**PROBLEM**
What must be handed in is the entire listing, exactly as written, with no pictures.

(DATASET EXCERPT begins)

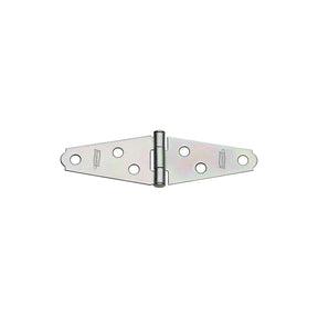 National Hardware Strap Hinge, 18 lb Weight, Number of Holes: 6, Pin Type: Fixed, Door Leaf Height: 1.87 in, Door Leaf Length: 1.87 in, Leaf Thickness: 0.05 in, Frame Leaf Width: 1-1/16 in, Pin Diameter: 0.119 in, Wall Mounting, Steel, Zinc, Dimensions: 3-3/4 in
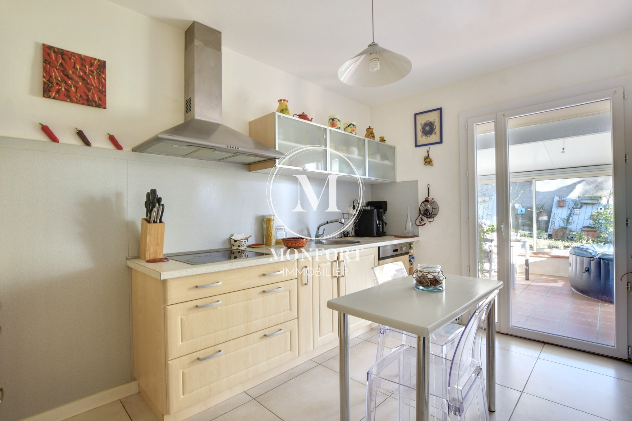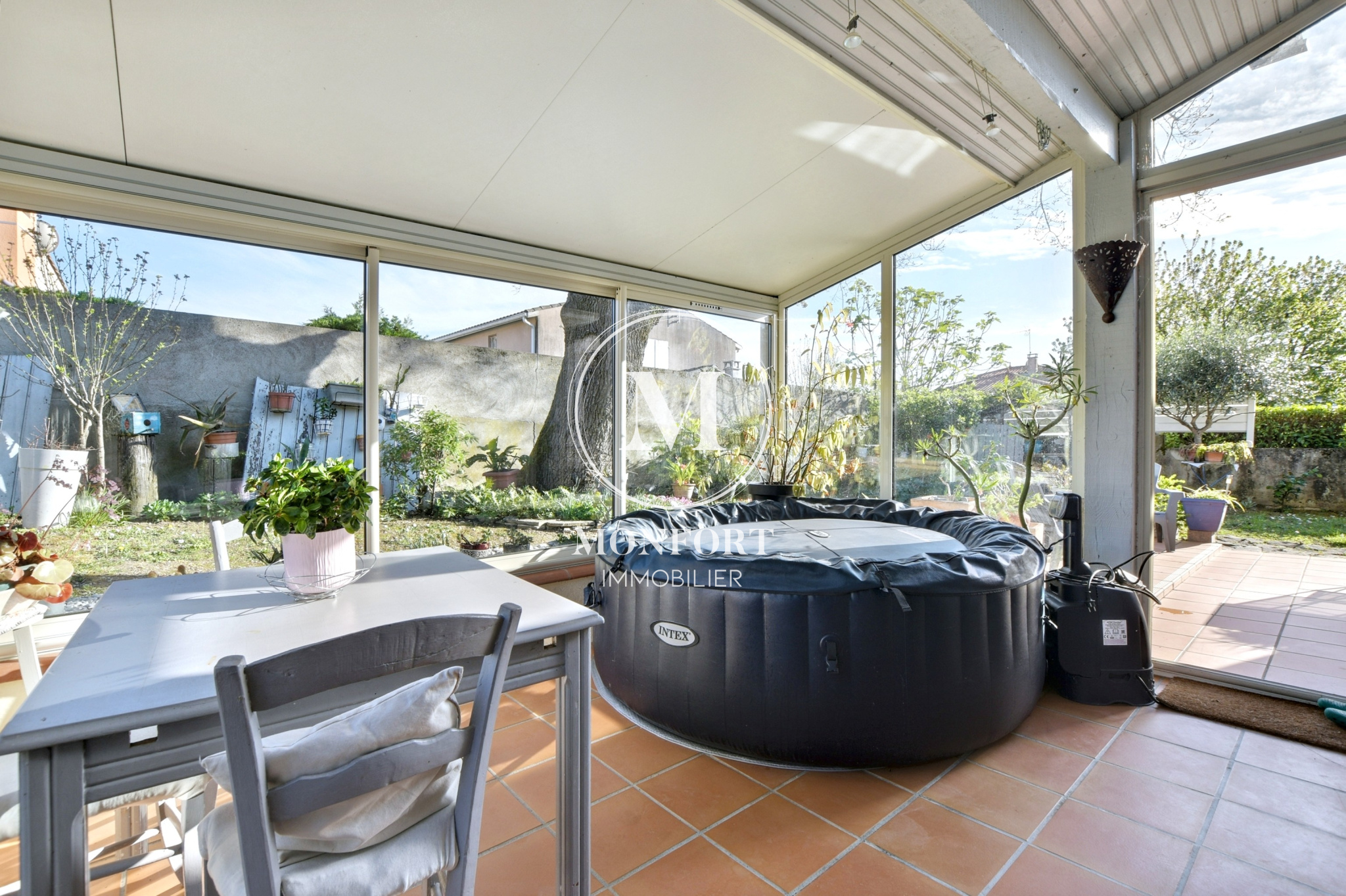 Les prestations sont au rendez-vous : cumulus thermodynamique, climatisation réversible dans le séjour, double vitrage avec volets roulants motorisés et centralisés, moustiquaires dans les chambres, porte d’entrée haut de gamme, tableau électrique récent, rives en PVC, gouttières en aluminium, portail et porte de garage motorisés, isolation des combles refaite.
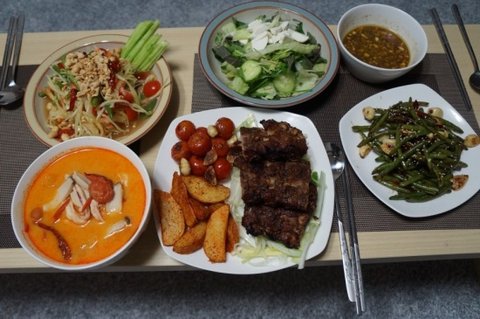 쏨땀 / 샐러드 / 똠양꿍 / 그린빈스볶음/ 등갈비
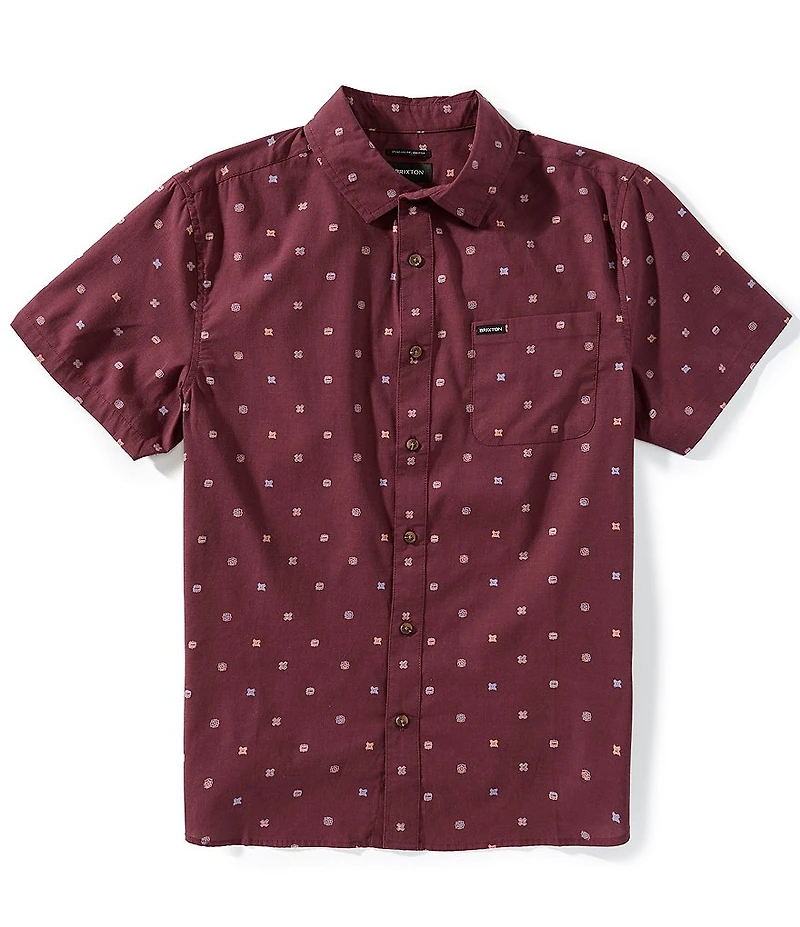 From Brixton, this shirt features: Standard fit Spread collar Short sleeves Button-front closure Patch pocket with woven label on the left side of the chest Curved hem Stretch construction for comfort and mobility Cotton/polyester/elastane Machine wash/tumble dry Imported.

(DATASET EXCERPT ends)

**WRITTEN RESPONSE**
 National Hardware Strap Hinge, 18 lb Weight, Number of Holes: 6, Pin Type: Fixed, Door Leaf Height: 1.87 in, Door Leaf Length: 1.87 in, Leaf Thickness: 0.05 in, Frame Leaf Width: 1-1/16 in, Pin Diameter: 0.119 in, Wall Mounting, Steel, Zinc, Dimensions: 3-3/4 in
 Les prestations sont au rendez-vous : cumulus thermodynamique, climatisation réversible dans le séjour, double vitrage avec volets roulants motorisés et centralisés, moustiquaires dans les chambres, porte d’entrée haut de gamme, tableau électrique récent, rives en PVC, gouttières en aluminium, portail et porte de garage motorisés, isolation des combles refaite.
 쏨땀 / 샐러드 / 똠양꿍 / 그린빈스볶음/ 등갈비
 From Brixton, this shirt features: Standard fit Spread collar Short sleeves Button-front closure Patch pocket with woven label on the left side of the chest Curved hem Stretch construction for comfort and mobility Cotton/polyester/elastane Machine wash/tumble dry Imported.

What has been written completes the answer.